I just scowled at her. Lately it was starting to feel like a scowl was permanently etched on my face. 

"I just never understood." She went on thoughtfully. "Why you don't just take up the mantle and live here. Why do you want to sell it."

"I'm not a witch sis." I said. "I don't want to be stuck here, the stereotypical weird witch of the woods in her gingerbread cottage, waiting to eat kiddies and turn people she doesn't like into frogs."

Yes, it had been my dream as a child to live her and take over the family business. But I was a grown woman now and surely there must come a time when one grows out of the dream of living in a house made of sweets. 

The sudden sound of alarmed croaking filled the room. A stork must have flown over the pond or a neighbour's cat jumped in the garden or something. 

At least my cheeks had the decency not to let me down by blushing.

"I just want more to my life than that." I said stubbornly. Of course I did, I had plans, great plans. Like travelling the world (I hated airplanes) and starting a new job (offices gave me hives) or meeting interesting and different new people (I hated people.)

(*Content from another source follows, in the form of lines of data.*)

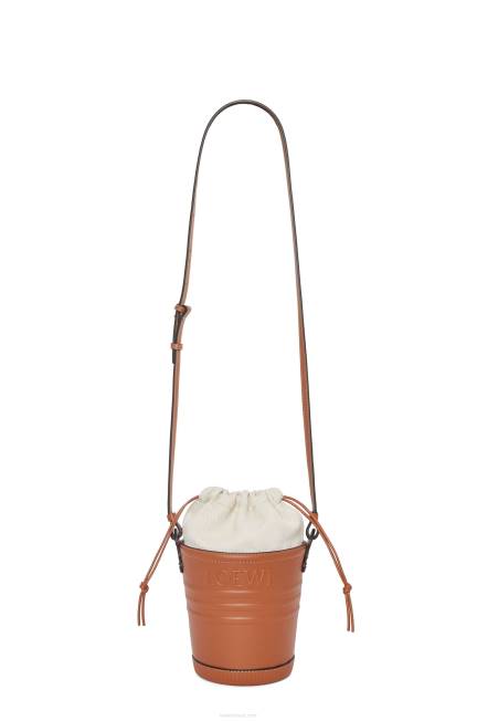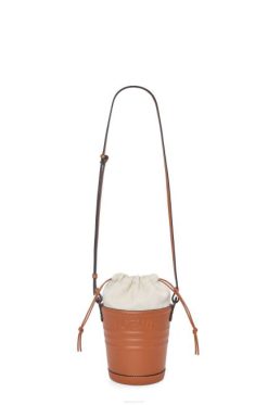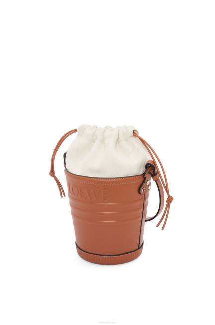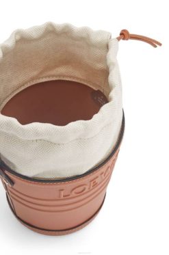 uma bucket bag confeccionada em couro de bezerro e com base no formato de um balde de jardineiro com assinatura loewe em relevo e cordão na parte superior em lona de algodão espinha de peixe.
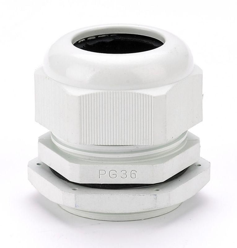 Кабельный ввод серии КВ-101 Dekraft; типа PG 36 диаметр кабеля – от 23 до 32 мм; цвет – белый; материал – пластик; степень защиты - IP54; количество в упаковке – 20 шт. Кабельный ввод состоит из фиксирующей гайки, корпуса, уплотнения из нейлона, а также из уплотнителя и прокладки из неопрена. Кабельные вводы имеют химическую стойкость к соленой воде, слабым кислотам, маслам, нефтепродуктам и основным растворителям. Конструкция кабельных вводов позволяет пропускать кабель без его демонтажа.
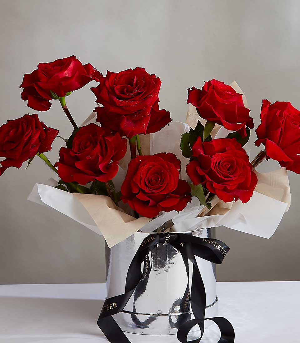 Capture the essence of love with vibrant red roses in a metallic vase, wrapped in white paper, and tied with a black ribbon. A perfect Valentine’s gift.

"Being a witch doesn't automatically make you ugly." My sister said gently. 

I folded my arms. "One, that wasn't even an issue that bothered me until right this second when you brought it up, thanks sis and two, it doesn't exactly win you any popularity contests either."

She shrugged. "I wouldn't know about that. But are you sure you want to throw away generations of history for nothing?"

"It's not nothing!" I mean sure, yeah, I would technically be selling one of the greatest achievements of my family in generations and yes, I would be selling a house made of sweets to live in some sort of run of the mill little semi that didn't sing to you when you couldn't fall asleep at night and occasionally left you out plates of cookies if it thought you had a bad day. But still!

She tilted her head in apology. "Not nothing, no. But are you sure it's an equal trade."

"Why don't you have it then?" I said. Yes, as sulkily as only a younger sister can.

"I already have my practice." She said serenely. "I cannot in good faith abandon my patients. Besides, the house was left to you, not me." She handed me back the paperwork. "And you are right, it is for you to choose what you want to do with your life. Whatever you decide, I will support you."

A timer beeped in the kitchen. 

"And there are my poppets, all lovely and baked and ready for the pins. Back in a minute sis."

"Mmm." I responded, not really listening. As I often found myself doing, I wandered off to my favourite room - the basement. Here you could clearly see the elegant figures and craftsmanship of my ancestor's work as it glowed faintly amongst the support pillars of the house. I wasn't sure that, even if I spent a lifetime studying it, that I could ever master the craft to the same degree. 

It was beautiful. The entire confection of a building was beautiful. 

And, truly, I loved it so. 

Oh, bugger. 

I sighed. 

"Sis!" I called up the stairs. 

"Yeah?"

"Would you mind taking down the For Sale sign out front while I de-toad the people out back."

"You sure?"

"Yeah. I mean, where else am I basically going to get free snacks for life?"

I swore I could hear the house humming smugly to itself as I walked back up the stairs.